A substantial portion of a good hitter's bat speed is derived from the circular path of his hands (think of swinging a ball on the end of a string). As long as we keep our hand in a circular path, the ball will continue to accelerate in a circle. However, if the path of the hand straightens, the ball on the end of the string loses angular velocity and trails behind the hands.

The same rational applies when a hitter is swinging a bat. If the hands are kept in a circular path, the bat will continue to accelerate. But if the hands straighten, the batter loses the circular path and the bat will lose speed. With a straighter hand path, the bat-head trails behind the hands well into the swing. This is often referred to as "knob of the bat first" and results in poor bat speed.

Torque


Torque is the result of two forces being applied to an object from opposing directions that cause the object to rotate about a point. Forces in the same direction may cause the object to accelerate, but will not cause the object to rotate about a point (no angular displacement). For example, when loosening a lug nut with a 4-prong tire wrench, you push down with one hand while pulling up with the other (torque). However, if you push down (or pull up) with both hands, you would not cause the nut to rotate (no torque).

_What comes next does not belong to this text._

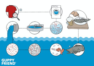 • The Guppyfriend washing bag is the first pragmatic solution that prevents microplastic fibres from entering rivers and oceans through the washing of synthetic textiles. The broken fibres collect in the corners of the washing bag after washing and can be easily removed and disposed of.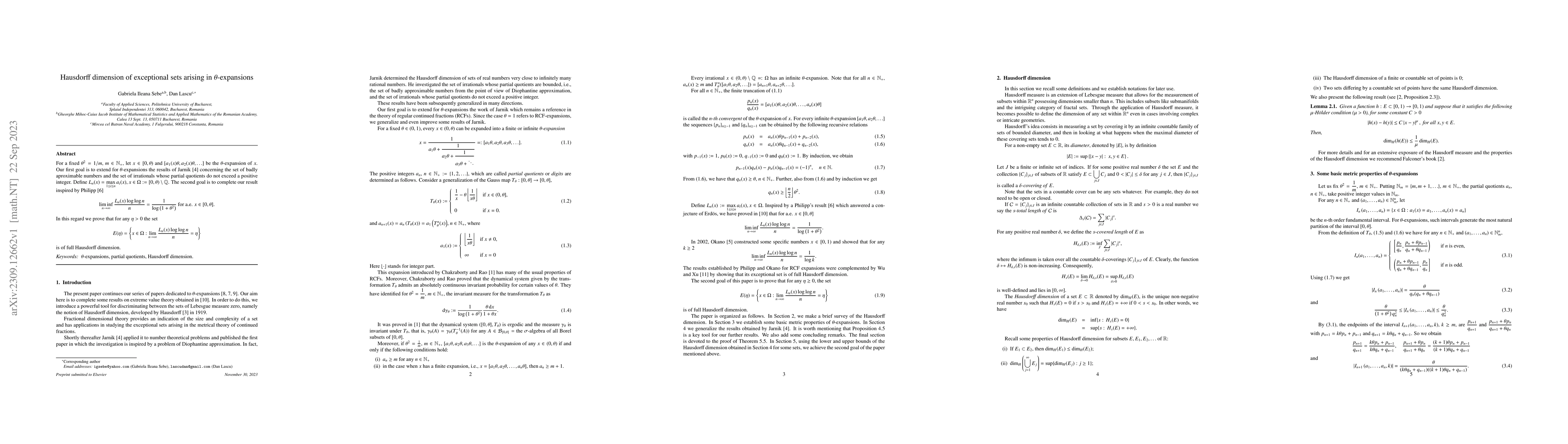This paper extends Jarnik's results on badly approximable numbers to $\theta$-expansions and proves that the set $E(\eta)$ of numbers with specific asymptotic behavior of their partial quotients has full Hausdorff dimension for any $\eta > 0$. The study focuses on irrational numbers within a specified interval and their exceptional set properties.

Torque is applied in the swing by the push/pull action of the forearms and hands. The bat-head is accelerated from torque when the direction of force applied by the hands is from opposing directions.

To reach maximum bat speed, the batter must apply torque from initiation to contact and keep the hands in a circular path.





  Forces initiated by the AVERAGE hitters. Forces initiated by the GREAT hitters.

Average hitters usually have very little circular hand path in their swing (no pendulum effect) due to the straighter hand-path. As a result, average hitters rely mainly on torque to accelerate the bat-head. (Remember, there are only two forces acting on the bat - a circular hand path and torque. If one of the forces is missing, the batter will have to rely on the other force to move the bat.)

For a batter to attain his maximum potential, his mechanics must make efficient use of both - CHP and torque. Great hitters generate great bat speed because their swing mechanics efficiently apply torque at the handle that compliments their circular hand path.